- [Records drawn from a dataset]

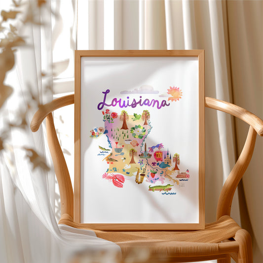 Louisiana Map | Fine Art Print | Travel Wall Decor
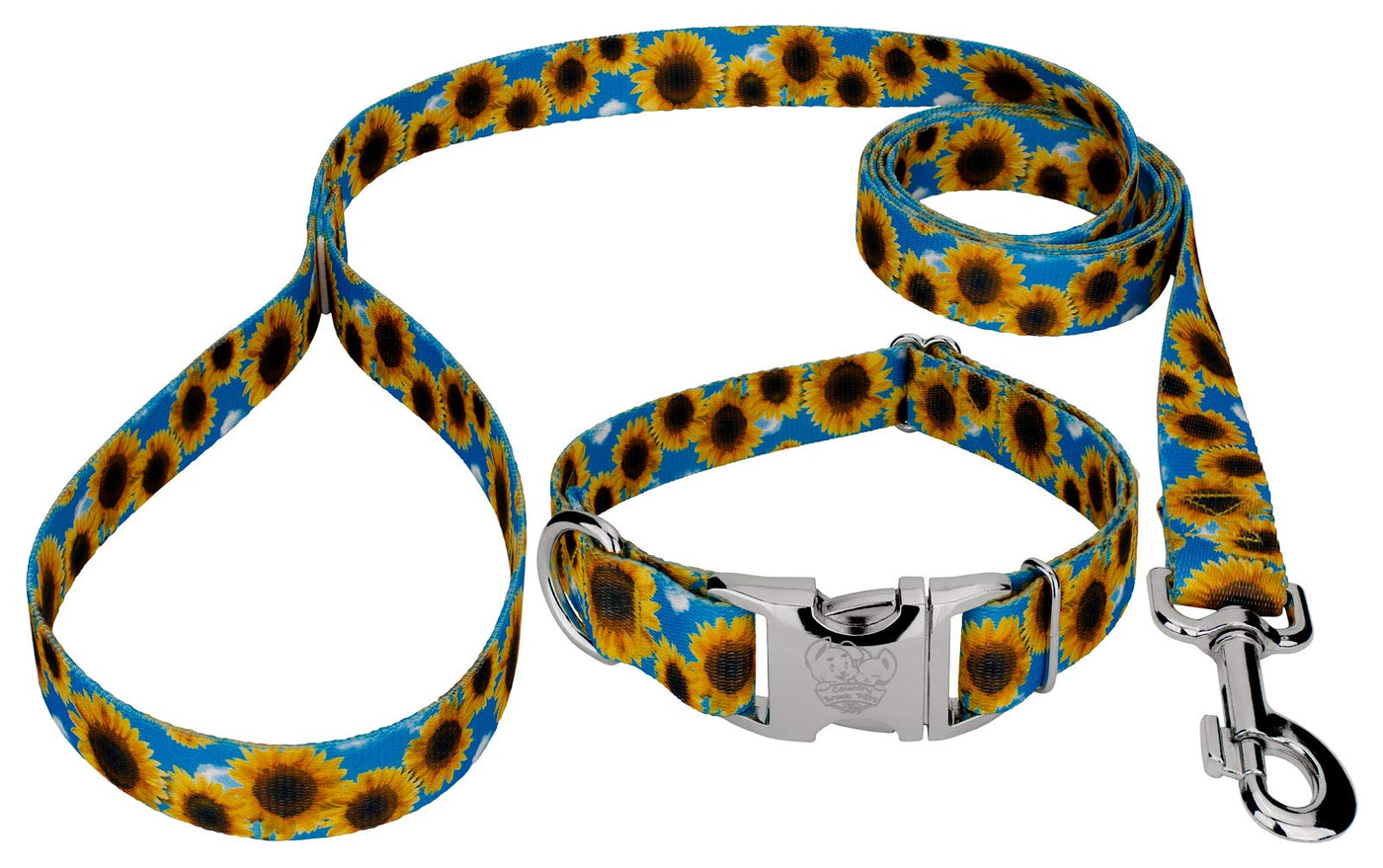Follow the sunshine to Country Brook Petz' Sunflowers Premium Dog Collar and Leash Set. This warm pattern boasts bright and inviting sunflower blooms on a vividly blue sky. With striking detail, each sunflower is perfectly placed amongst a sky with puffy clouds. Printed using our colorfast dye, our collars will not run or bleed. Created from superior hardware and webbing, Country Brook Petz†Sunflowers Premium Dog Collar and Leash will not only provide your pup with a trendy collar, but will give you a sense of ease when using our products. When you order this dog collar and leash set, you will receive a premium collar and a matching leash; collar size of your choice with an accompanying 6 foot leash. This Sunflowers collar and leash set are uniquely designed and have a silky smooth polyester loop that slips over your hand, giving you a comfortable grip while walking your pet; box stitching ensures strength for when your pup pulls against their leash. These collars and leashes are washable, with mild detergent, and dry when laid out. Country Brook Petz' premium patterned collars are safe, comfortable collars made right here in the U.S.A. These collars are constructed using strong polyester webbing, dependable metal side release buckles that feature a brilliant mirror finish, heavy-duty wide-mouthed triglides, and heavy welded D-rings. We want your furbaby to be able to show the world their new collar immediately, so be sure to measure for the right size. You can check this out by using a string, or tape measure, to see where the collar will fit snugly and comfortably on your dogâ€s neck. These stylish prints work well with both boy and girl puppers.
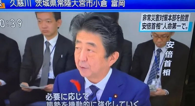 - นายกรัฐมนตรี ชินโสะ อาเบะ ได้ออกมาเรียกประชุมฉุกเฉินกับทุกฝ่าย ในอาการที่เหมือนกับยังไม่ได้นอน เพราะเป็นผู้บัญชาการวอร์รูมรับมือกับภัยพิบัติทั้งคืน ร่วมกับมีรัฐมนตรีกระทรวงก่อสร้างและคมนาคม กระทรวงมหาดไทย รัฐมนตรีกระทรวงเพื่อการฟื้นฟู รวมถึงผู้เชี่ยวชาญการที่เกี่ยวข้องทุกสาขา อย่างพร้อมเพรียง
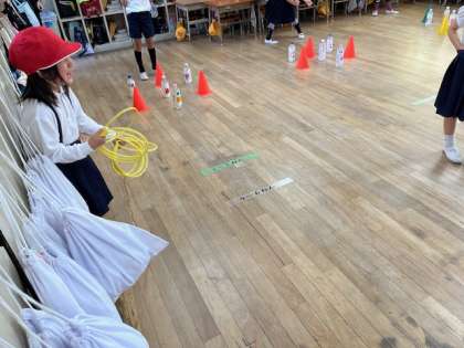 ^_^{投げ終わって線をこえたらおこられちゃった…
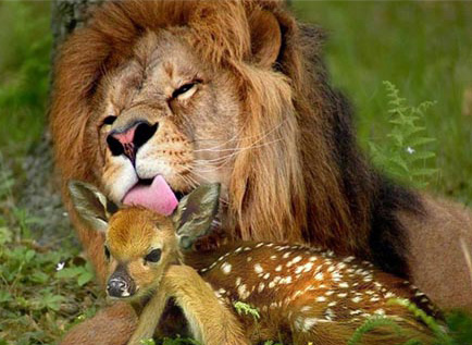 szabadon. Az oroszlán szeretetből nyalogatni fogja az őztehén testét, és

- [Exercise brief]
Omitting the pictures, copy each record above exactly as it stands.

- [Completed exercise]
 Louisiana Map | Fine Art Print | Travel Wall Decor
Follow the sunshine to Country Brook Petz' Sunflowers Premium Dog Collar and Leash Set. This warm pattern boasts bright and inviting sunflower blooms on a vividly blue sky. With striking detail, each sunflower is perfectly placed amongst a sky with puffy clouds. Printed using our colorfast dye, our collars will not run or bleed. Created from superior hardware and webbing, Country Brook Petz†Sunflowers Premium Dog Collar and Leash will not only provide your pup with a trendy collar, but will give you a sense of ease when using our products. When you order this dog collar and leash set, you will receive a premium collar and a matching leash; collar size of your choice with an accompanying 6 foot leash. This Sunflowers collar and leash set are uniquely designed and have a silky smooth polyester loop that slips over your hand, giving you a comfortable grip while walking your pet; box stitching ensures strength for when your pup pulls against their leash. These collars and leashes are washable, with mild detergent, and dry when laid out. Country Brook Petz' premium patterned collars are safe, comfortable collars made right here in the U.S.A. These collars are constructed using strong polyester webbing, dependable metal side release buckles that feature a brilliant mirror finish, heavy-duty wide-mouthed triglides, and heavy welded D-rings. We want your furbaby to be able to show the world their new collar immediately, so be sure to measure for the right size. You can check this out by using a string, or tape measure, to see where the collar will fit snugly and comfortably on your dogâ€s neck. These stylish prints work well with both boy and girl puppers.
 - นายกรัฐมนตรี ชินโสะ อาเบะ ได้ออกมาเรียกประชุมฉุกเฉินกับทุกฝ่าย ในอาการที่เหมือนกับยังไม่ได้นอน เพราะเป็นผู้บัญชาการวอร์รูมรับมือกับภัยพิบัติทั้งคืน ร่วมกับมีรัฐมนตรีกระทรวงก่อสร้างและคมนาคม กระทรวงมหาดไทย รัฐมนตรีกระทรวงเพื่อการฟื้นฟู รวมถึงผู้เชี่ยวชาญการที่เกี่ยวข้องทุกสาขา อย่างพร้อมเพรียง
 ^_^{投げ終わって線をこえたらおこられちゃった…
 szabadon. Az oroszlán szeretetből nyalogatni fogja az őztehén testét, és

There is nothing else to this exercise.